Let us reproduce this celebrated experiment. On the screen is now stamped a luminous disk, which may stand for Newton's image of the sun. Causing the beam (from the aperture L, fig. 7) which produces the disk to pass through a lens (E), we form a sharp image of the aperture. Placing in the track of the beam a prism (P), we obtain Newton's coloured image, with its red and violet ends, which he called a spectrum. Newton divided the spectrum into seven parts—red, orange, yellow, green, blue, indigo, violet; which are commonly called the seven primary or prismatic colours. The drawing out of the white light into its constituent colours is called dispersion.


Fig. 7.


This was the first analysis of solar light by Newton; but the scientific mind is fond of verification, and never neglects it where it is possible. Newton completed his proof by synthesis in this way: The spectrum now before you is produced by a glass prism. Causing the decomposed beam to pass through a second similar prism, but so placed that the colours are refracted back and reblended, the perfectly white luminous disk is restored.


Fig. 8.


In this case, refraction and dispersion are simultaneously abolished. Are they always so? Can we have the one without the other? It was Newton's conclusion that we could not. Here he erred, and his error, which he maintained to the end of his life, retarded the progress of optical discovery. Dollond subsequently proved that by combining two different kinds of glass, the colours can be extinguished, still leaving a residue of refraction, and he employed this residue in the construction of achromatic lenses—lenses yielding no colour—which Newton thought an impossibility. By setting a water-prism—water contained in a wedge-shaped vessel with glass sides (B, fig. 8)—in opposition to a wedge of glass (to the right of B), this point can be illustrated before you. We have first of all the position (dotted) of the unrefracted beam marked upon the screen; then we produce the narrow water-spectrum (W); finally, by introducing a flint-glass prism, we refract the beam back, until the colour disappears (at A). The image of the slit is now white; but though the dispersion is abolished, there remains a very sensible amount of refraction.

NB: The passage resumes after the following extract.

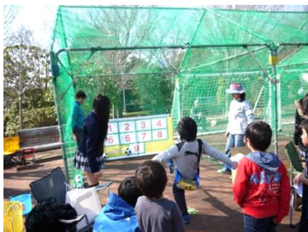
家族が休日を楽しく過ごす場の提供（アスルクラロ沼津応援フェスタ）

平成26年の初めに設立以降、沼津を含む東部地域を活性化するための事業を行っています。また地域の活性化を願う人や団体を応援する活動をしています。

This is the place to illustrate another point bearing upon the instrumental means employed in these lectures. Bodies differ widely from each other as to their powers of refraction and dispersion. Note the position of the water-spectrum upon the screen. Altering in no particular the wedge-shaped vessel, but simply substituting for the water the transparent bisulphide of carbon, you notice how much higher the beam is thrown, and how much richer is the display of colour. To augment the size of our spectrum we here employ (at L) a slit, instead of a circular aperture.6


Fig. 9.


The synthesis of white light may be effected in three ways, all of which are worthy of attention: Here, in the first instance, we have a rich spectrum produced by the decomposition of the beam (from L, fig. 9). One face of the prism (P) is protected by a diaphragm (not shown in the figure), with a longitudinal slit, through which the beam passes into the prism. It emerges decomposed at the other side. I permit the colours to pass through a cylindrical lens (C), which so squeezes them together as to produce upon the screen a sharply defined rectangular image of the longitudinal slit. In that image the colours are reblended, and it is perfectly white. Between the prism and the cylindrical lens may be seen the colours, tracking themselves through the dust of the room. Cutting off the more refrangible fringe by a card, the rectangle is seen red: cutting off the less refrangible fringe, the rectangle is seen blue. By means of a thin glass prism (W), I deflect one portion of the colours, and leave the residual portion. On the screen are now two coloured rectangles produced in this way. These are complementary colours—colours which, by their union, produce white. Note, that by judicious management, one of these colours is rendered yellow, and the other blue. I withdraw the thin prism; yellow and blue immediately commingle, and we have white as the result of their union. On our way, then, we remove the fallacy, first exposed by Wünsch, and afterwards independently by Helmholtz, that the mixture of blue and yellow lights produces green.

Restoring the circular aperture, we obtain once more a spectrum like that of Newton. By means of a lens, we can gather up these colours, and build them together, not to an image of the aperture, but to an image of the carbon-points themselves.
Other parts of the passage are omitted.